The core class is OllamaRealEstatePredictor, which calls a locally-hosted qwen2.5 vision model. The image bytes are passed directly to Ollama along with a structured prompt that specifies what constitutes a good and a bad apartment photo.

Prediction Result

Each photo produces an OllamaPredictionResult:

public record OllamaPredictionResult
{
    public double RenovationRating { get; init; } // 0.0 to 1.0
    public string[] Tags { get; init; } = [];     // e.g. ["clean", "new_windows", "dark"]
    public string Description { get; init; } = string.Empty; // model's reasoning
}

Only RenovationRating feeds into the final ranking. Tags and Description are retained for prompt tuning and debugging β€” they let you see what the model is reacting to in each photo without having to re-run inference.
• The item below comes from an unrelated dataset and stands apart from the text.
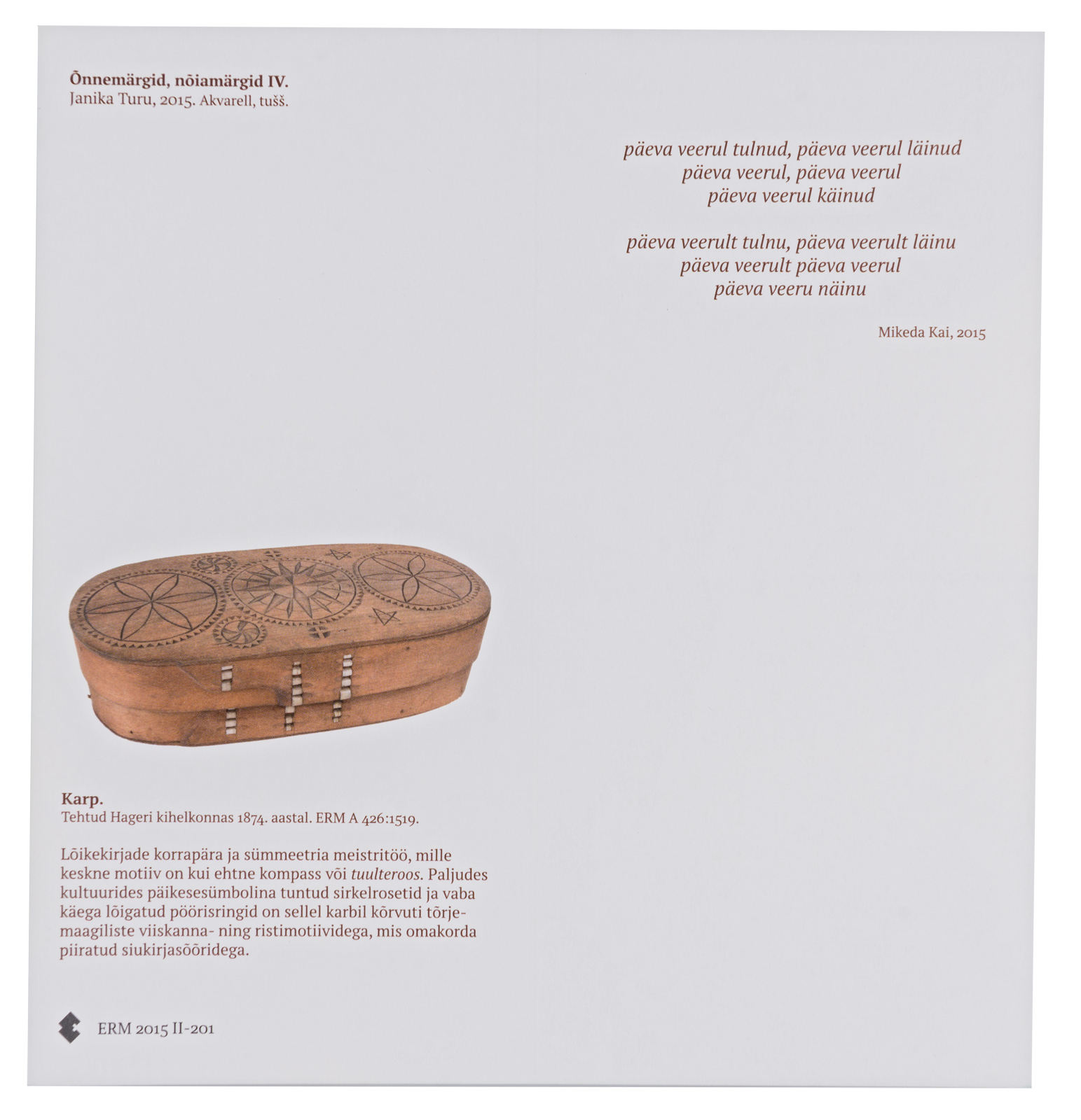 Lõikekirjade korrapära ja sümmeetria meistritöö, mille keskne motiiv on kui ehtne kompass või tuulteroos. Paljudes kultuurides päikesesümbolina tuntud sirkelrosetid ja vaba käega lõigatud pöörisringid on sellel karbil kõrvuti tõrjemaagiliste viiskanna- ning ristmotiividega, mis omakorda piiratud siukirjasõõridega.

Why Ollama Instead of a Cloud API

All inference runs locally. No images leave the machine, no per-call costs, and the model can be swapped by changing one config value. The qwen2.5 vision model performs well enough for this task at reasonable speeds on consumer GPU hardware.
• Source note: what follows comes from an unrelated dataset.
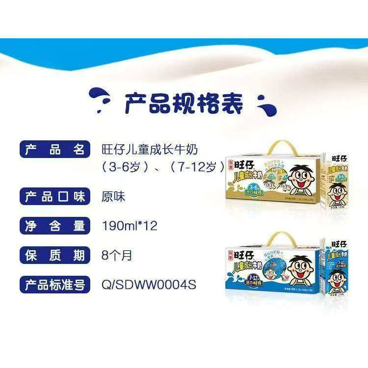 3月到期旺仔儿童成长牛奶190ml*12瓶旺仔牛奶

Service 3: Ranking System (WorkerHost)

Once all photos for a listing have been predicted, the ranking job picks it up and computes the final ideality score via AdvertisementComputedFieldsCalculator.

Ideality Formula

The score starts at a maximum and accumulates fines for negative signals:

Signal Penalty
No nearby metro station Fine applied
Metro station too far to walk Fine applied
Far from city centre Fine applied
Low renovation rating Fine applied

The more fines, the lower the ideality. This is intentionally a penalty-based system rather than a weighted sum β€” it's easier to reason about and tune, because each penalty has an isolated, interpretable effect.

Renovation Rating

The renovation score for a listing is the average `RenovationRating` across all its photos. Listings with too few photos are excluded from the renovation ranking, since a single unrepresentative photo can skew the average significantly.
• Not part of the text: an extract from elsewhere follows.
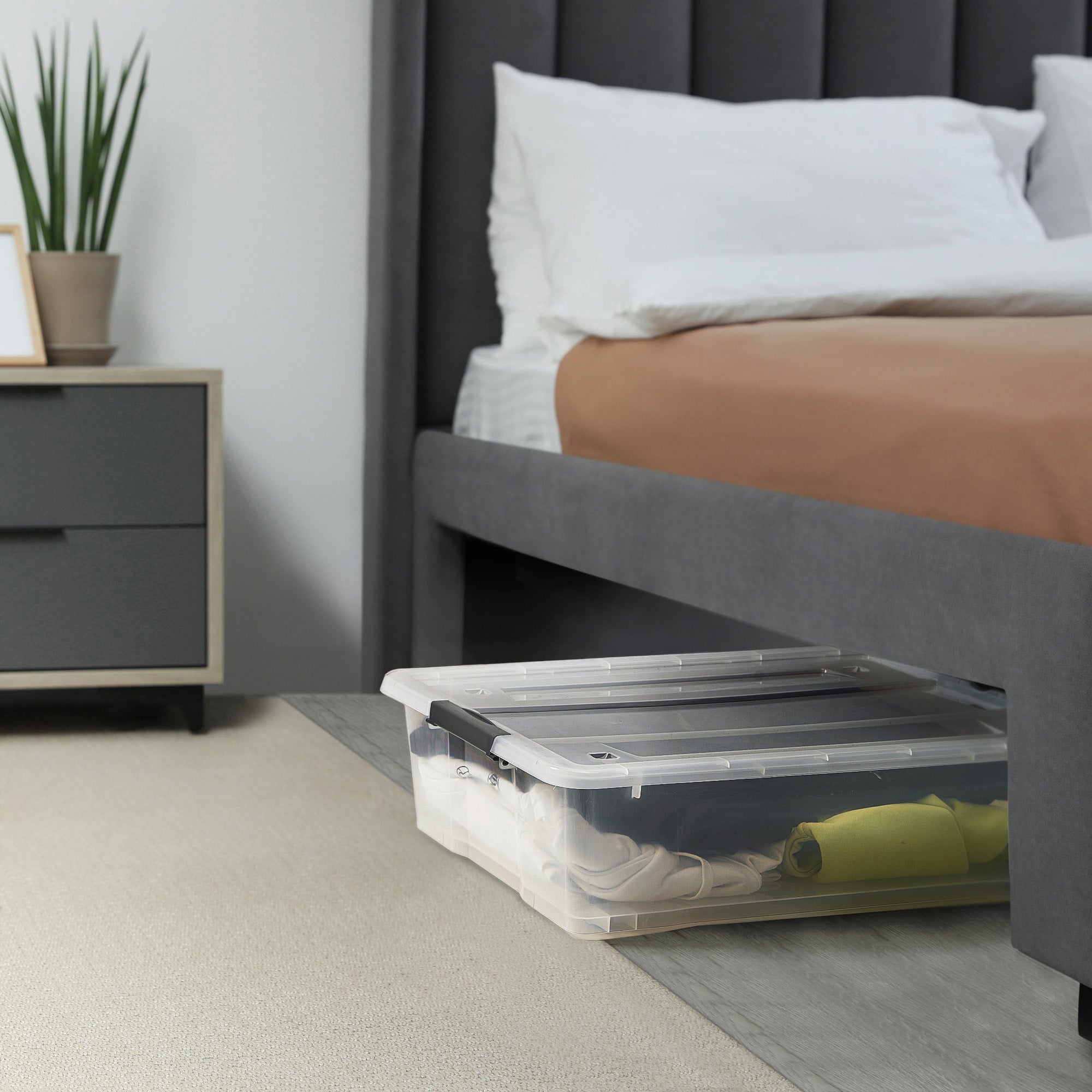 - Not limited to bedroom storage. Keep bins in the bedroom closet, garage, laundry room, or even your office for a touch of organization

Once ideality and renovation rating are computed, the listing is promoted to the result set returned by the API.


Service 4: API Host

Standard ASP.NET Core API. Supports filtering by rooms, price, district, and sorting by AI score or ideality. Nothing architecturally interesting here β€” the complexity lives in the other three services.


Evolution: From TensorFlow to Ollama

The approach to image scoring changed significantly over the project's lifetime:

Date Approach
Feb 2023 Dataset collection attempts; training with TensorFlow
Oct 2023 First live version using three custom trained models (~22M parameters total). Fast inference, but poor accuracy β€” hard to collect enough correctly labelled training data
Sep 2025 Self-trained models replaced with Ollama + qwen2.5

The self-trained models were a dead end: collecting a large, correctly annotated dataset of apartment photos is genuinely difficult, and the models plateaued at accuracy levels that weren't useful for ranking. Switching to a pre-trained vision model via Ollama eliminated the dataset problem entirely and substantially improved prediction quality, at the cost of slower inference (offset by the dedicated GpuWorkerHost).


Known Limitations

The project is a proof of concept and used informally. Key limitations worth knowing:

  • Prediction errors are common β€” photo scoring works well on average but individual predictions can be wrong, especially for ambiguous or unusual photos
  • Averaging mitigates errors β€” the per-listing aggregation smooths out individual photo mispredictions reasonably well in practice
  • Saint Petersburg data only β€” the crawler schema is written for Cian's SPB listings; other cities would need separate schema implementations
  • Local GPU required β€” running the GpuWorkerHost at useful throughput requires a local machine with a capable GPU

Planned Articles

The README notes that several topics deserve dedicated writeups:

  • How to select the right vision model for a photo-scoring task
  • How to design and tune a penalty-based ranking formula
  • How to integration-test a multi-service pipeline like this

Contributing & Running Locally

The project is MIT-licensed. The most useful contributions would be new crawler schemas for additional real estate sites, or improvements to the Ollama prompt for better renovation scoring.